Michalos, Constantina (Houston Baptist U) "Shakespeare's Feminized Friar"

Other than actual clergymen who, necessarily, populate his history plays, William Shakespeare makes little use of this character type. Only in Much Ado About Nothing, Shakespeare infuses his friar with spirituality, manifested in his empathy for Hero's plight. Moreover, the friar's understanding emerges from a feminized perspective of her circumstances; that is, he correctly interprets Hero's non-verbal behavior and responds with Christian charity instead of speaking her moral condemnation, as do the men around her. By emulating qualities of Jesus that society traditionally ascribes to women, and subverting them as Jesus and women do, Friar Francis effects Hero's resurrection.

Minamino, Hiroyuki (Independent Scholar) "Orpheus in Renaissance and the Power of Music"

The wide circulation of Ovid's Metamorphoses helped the legend of Orpheus and the musical power he is said to have possessed well known in the Renaissance. The virtuoso instrumentalists such as Pietrobono de Burzellis, Francesco da Milano, and John Dowland were equated to Orpheus by their contemporaries. This paper questions whether Pontus de Tyard's description of the musical effects Francesco da Milano induced on his audience and the drawing of a music concert scene in Francesco Marcolini's lute book of 1536 were based on an actual performance in Milan or were simply literary and iconographical imitation of Orpheus' musical power.

Mollendorf, Miranda (U of Minnesota) "The Duplicitous Mirror of Nature: Reflections on a Rustic Basin by Bernard Palissy"

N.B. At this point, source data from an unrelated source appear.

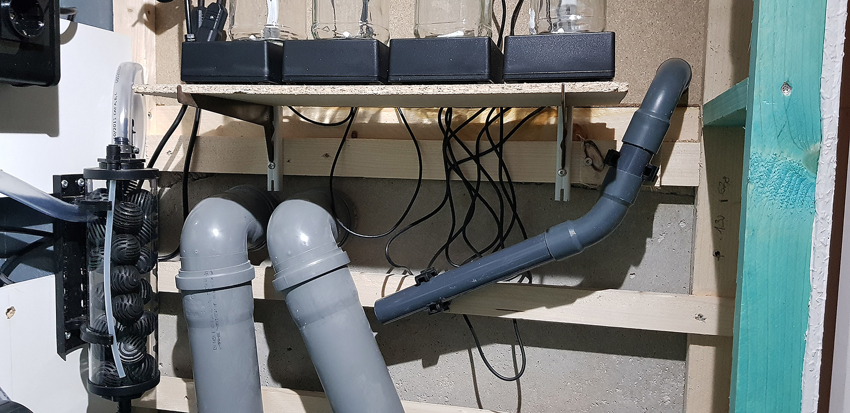 Ich habe danach die Osmoseanlage unter der Spüle in der Küche installiert. Aus diesem Grund ist auch der 800-Liter-IBC-Container im Keller installiert worden um genügend Wasser für den Wasserwechsel vorrätig zu halten.
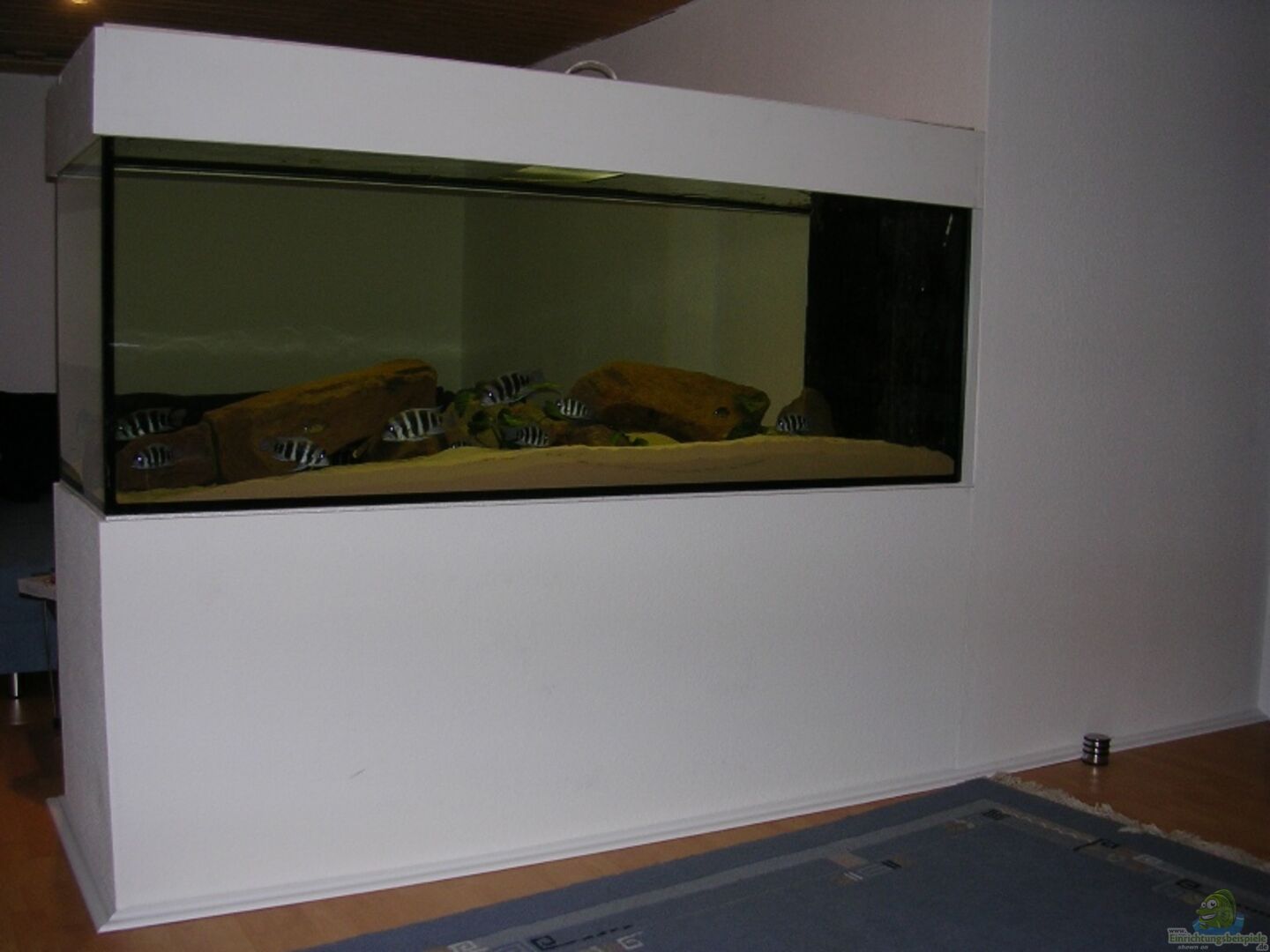 Sto??verklebt. Das Becken wurde als Raumteiler aufgestellt und ist von allen Seiten aus Wei??glas gefertigt. Der Unterbau besteht aus 4 Ytongsäulen und ist mit Reegibsplatten und Tapete wie die Wände im Raum verkleidet.
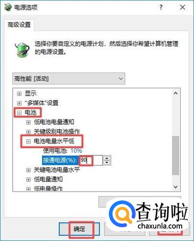 然后我们点击展开电池,然后我们点击展开电池电量水平低,然后我们将接通电源设置为90,之后我们点击应用,然后我们点击确定,之后我们的电脑就会开始充电了,因为我们的电脑默认的电池的电量往往是非常低的时候才会充电,所以我们需要设置高一些。
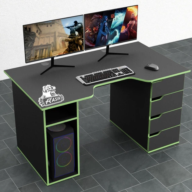 Геймерський стіл Rasin RS-1 чорний/зелений
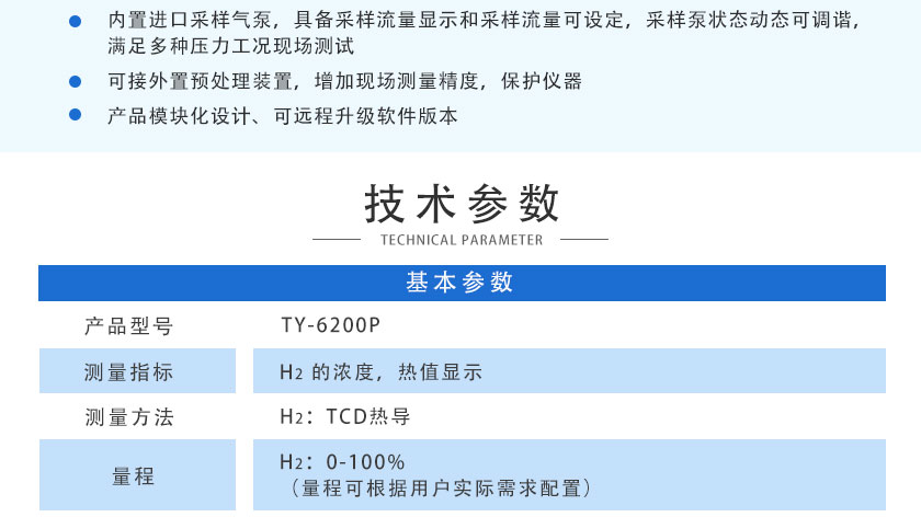 采用國際先進TCD熱導技術,主要用于測量各種氣體中的H2體積濃度。
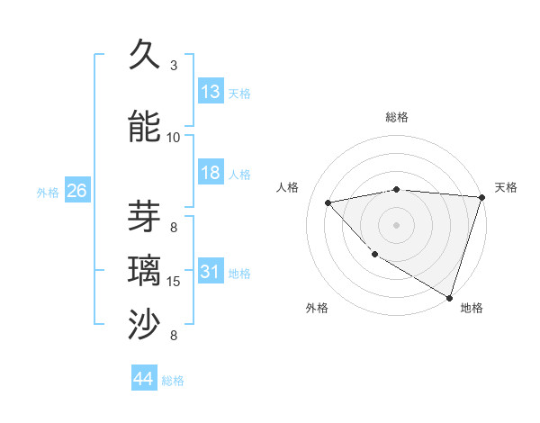 久能 芽璃沙さんの地格は31画の5点!

When Bernard Palissy created an elaborately wrought, rustic ceramic basin, including animals and plants cast from life, he was committed to the Protestant cause. Protestant artists such as Palissy, who worked for Catholic patrons, often created objects with two different interpretations—one that catered to their patron and one that reflected their own religious beliefs. Palissy produced this hyper-naturalistic basin in accord with his Protestant aesthetics, using animal symbolism from contemporary zoological texts as religious commentary. As a religious artisan, he also wished to follow in God's footsteps as a divinely inspired creator engaged in producing a microcosmic natural world.

Morgan-Curtis, Samantha A. (Tennessee State U), 'The New Elizabethanism': Nostalgia for and Representation of Queen Elizabeth I in 21st Century Graphic Universe"

In the eight-part comic series 1602, most of the Marvel universe of super-heroes appears in an alternative vision of England. In analyzing these graphic artists' critique of 21st century United States by way of 17th century England, we will see how they open up the representation and use of Elizabeth's image in yet another medium. These artists do change the queen, but in ways that I will argue are consistent with not only Elizabeth's own words and actions but also the uses of Elizabeth's image from the Stuart reign onwards.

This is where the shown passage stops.